A mental health team and multiple counselors are in place at each school. A district mental health committee organizes training, wellness rooms, early detection screenings and more. “We’ve had no student suicides for six consecutive years,” Anderson notes. 

Wraparound services

“We’ve created systems of love and belonging and inclusivity” to help families in need, Anderson says. Topeka Public Schools looks at the whole child and whole family, whether addressing chronic absenteeism with home outreach that includes potential solutions or providing a welcome center to help immigrant and refugee families, The welcome center is staffed to help with translation, school registration, language assessments and classes, and even clothing and supplies.

”When they have their work permit, we give them jobs, we give them volunteerism, we help them find housing. We give them groceries. We take them to a store that we have here in our own district, so they can shop with dignity and at no cost,” Anderson says. 

That assistance, with the help of the United Way and local businesses, can include housing those without homes. Student homelessness in the district has decreased by 50%.

Community partnerships that pay for programs

Impact Avenues. United Way. City of Topeka. National Education Equity Lab. All these and many more organizations and businesses have come on board in some way to help realize Anderson’s vision. 

“Hospitals and universities give teachers to us,” Anderson says. “It’s been remarkable just to see what’s possible. You know, I’ve learned your mindset is your only barrier — how you think about people and opportunities and how you think about your connection to those people.”

Using the right language to connect with others

Anderson has wielded savvy thinking to weather the storms, from the George Floyd to Gaza protests, from book bans to social and emotional learning backlash. 

“We’re all wired to want to feel like we belong and to connect to others. What gets in the way sometimes is lack of knowledge and fear,” Anderson says. “Sometimes when you label things with a word or with language that causes people fear, that causes them to shut down. 

“So, rather than labeling something with perhaps branded language that might have a negative connotation, we just invite people to learn about literature and to see literature that represents the communities that we serve, and [literature] that communities, that young people, are going to see globally,” Anderson says. “That’s just different language. In no way did I mention CRT (critical race theory) or any of those other pieces.”

Similarly, she’s in a group of (all white) superintendents in the area called Legislative One Voice, and she suggested they note on their platform that they don’t support CRT, then share that with the Kansas Legislature. “Now, are we teaching about other cultures? Yes.

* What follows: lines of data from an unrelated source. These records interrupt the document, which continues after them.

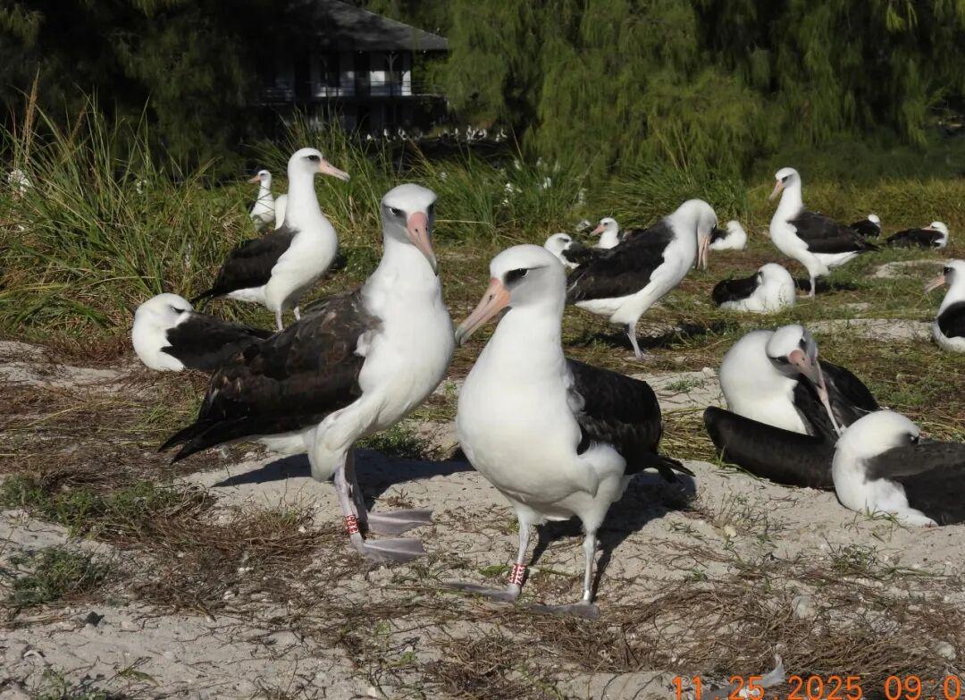 2021年2月拍到的“智慧”,脚上带着红色的“Z333”脚环|Jon Brack / Friends of Midway Atoll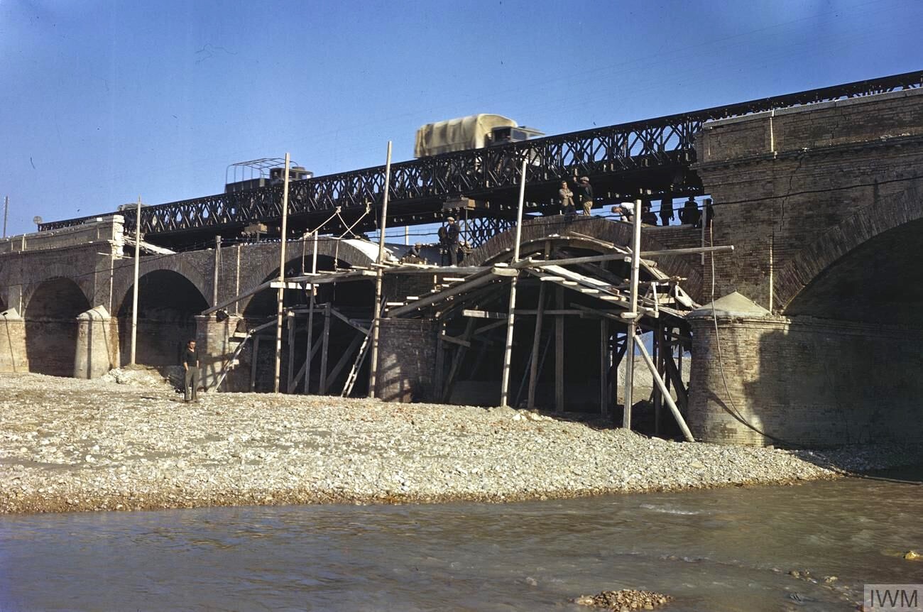 연합군 차량들이 베일리교를 건너고 있다. 베일리교는 손상된 석조 아치교 구간에 걸쳐 설치되었으며, 동시에 지역 노동자들이 원래 다리를 재건하고 있다. 이탈리아 1944년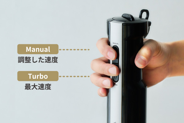 握りやすい、くびれのあるグリップ形状を採用。人差し指と中指が自然に届くスイッチは軽い力で押しやすく、作業効率が向上します。上のスイッチ(Manual)は調整した速度で、下のスイッチ(Turbo)は最大速度で動作します。 -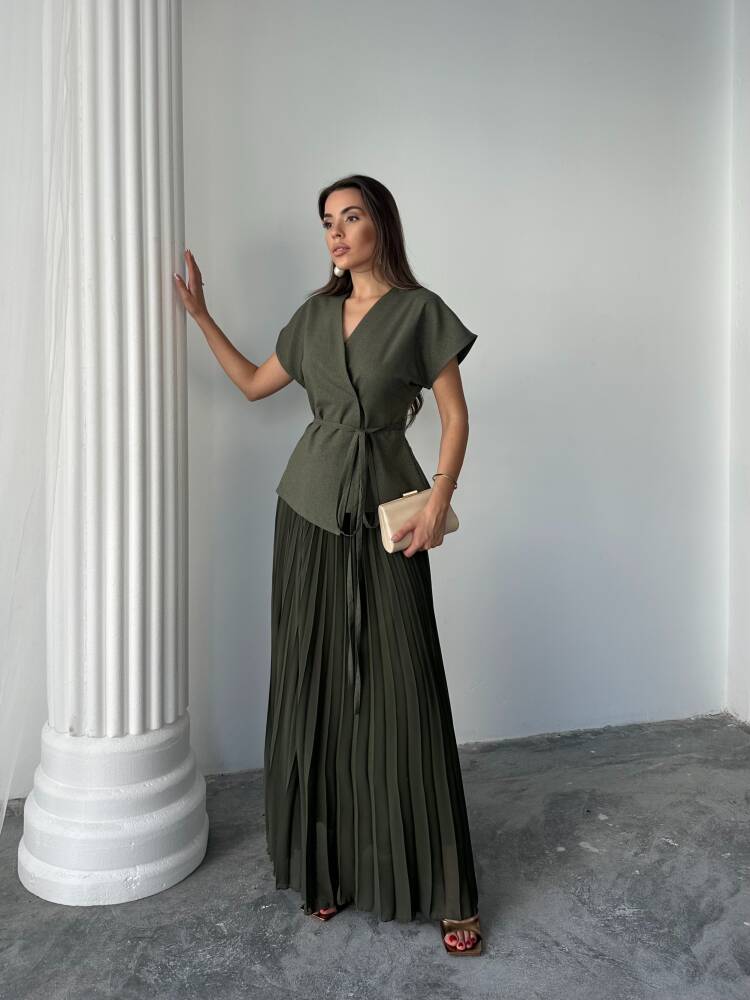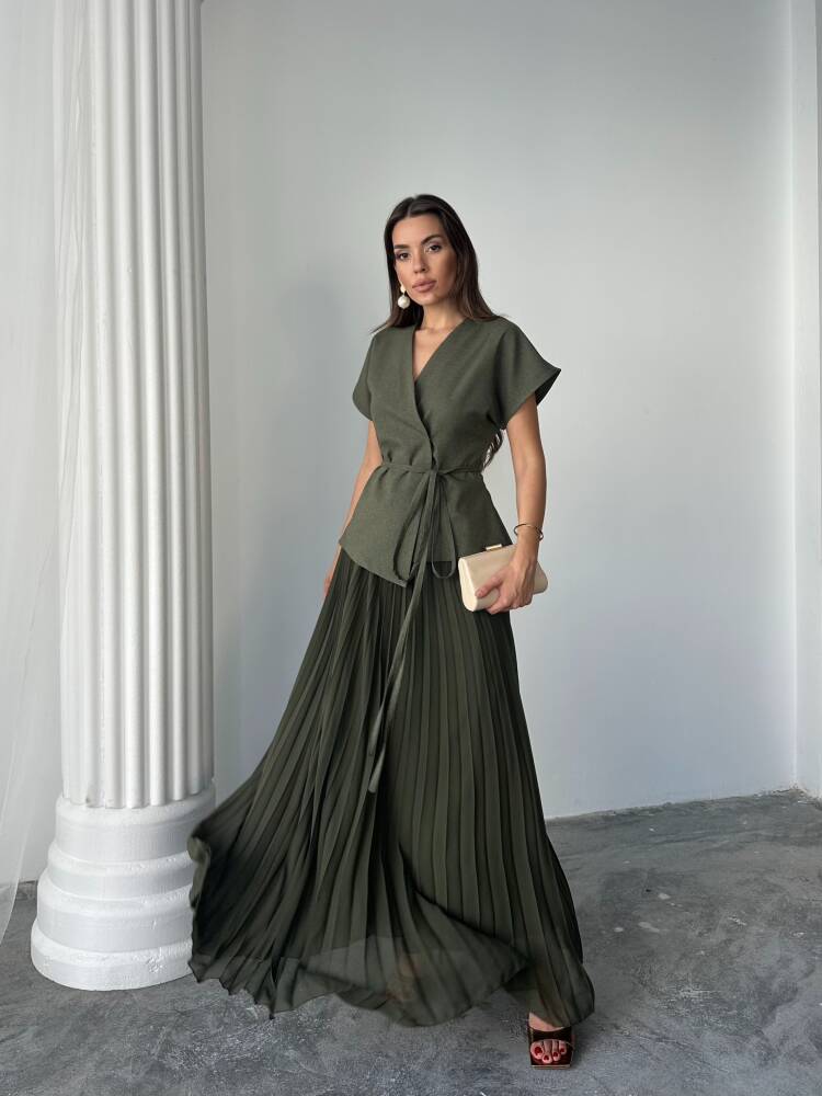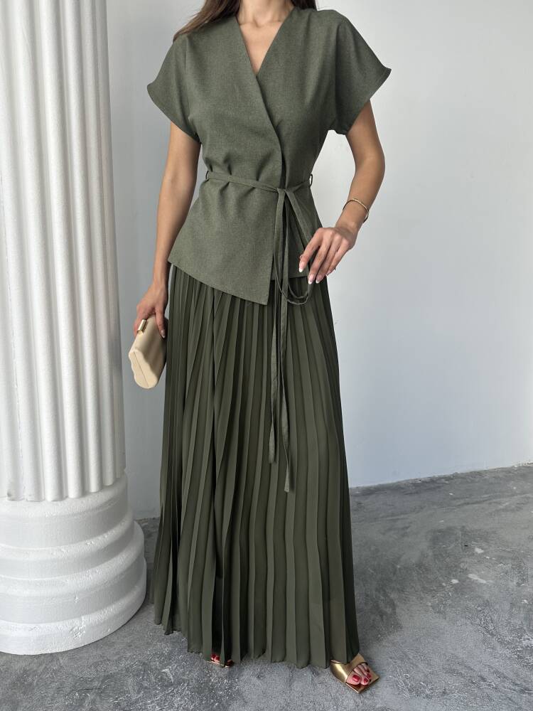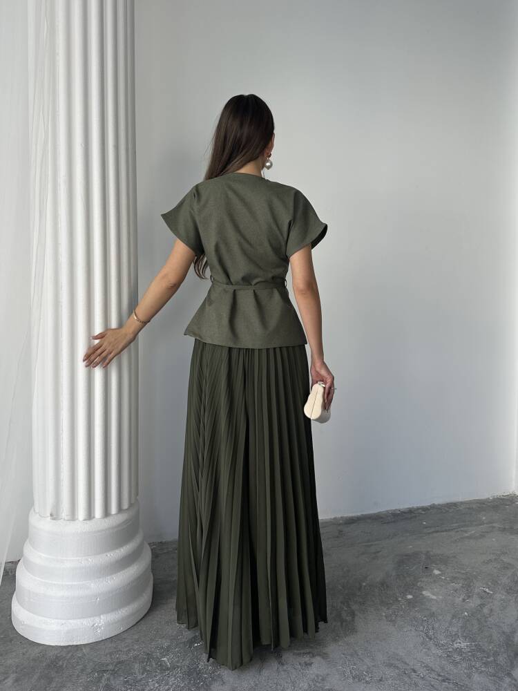JESERA PİLELİ MAXİ ETEK KUŞAKLI CEKET HAKİ TAKIM

Are we teaching history? Did we expand our curriculum? Absolutely,” she says with a smile. 

Anderson still uses the word equity. But because she knows others might believe equity means “dumbing down the curriculum or giving all people of color something that you aren’t giving other people,” she explains to them exactly what equity looks like for the district. 

“If we can remove the fear by providing knowledge and building capacity, you can go farther than you ever thought and remove barriers in ways you never thought you could,” Anderson says.

“You know, I thank God for the plaintiffs that had the courage as parents to say, ‘My child should have the right to have choice and access the opportunities in typical public schools,’” she says. “Because of them and their courage, and how they thought, it changed the nation. I just get the privilege to be here, standing on the shoulders of these people, and then having the responsibility to carry it forward.”


* Linda Brown is sometimes confused with Ruby Bridges. Despite the 1954 landmark Supreme Court ruling ending segregation in schools, Southern states ignored it. In 1960, Louisiana ordered schools to desegregate, though many Black parents were too afraid of reprisals to send their children to white schools. Bridges and her parents braved the threats, making her the first Black student to actually attend a white school in the South.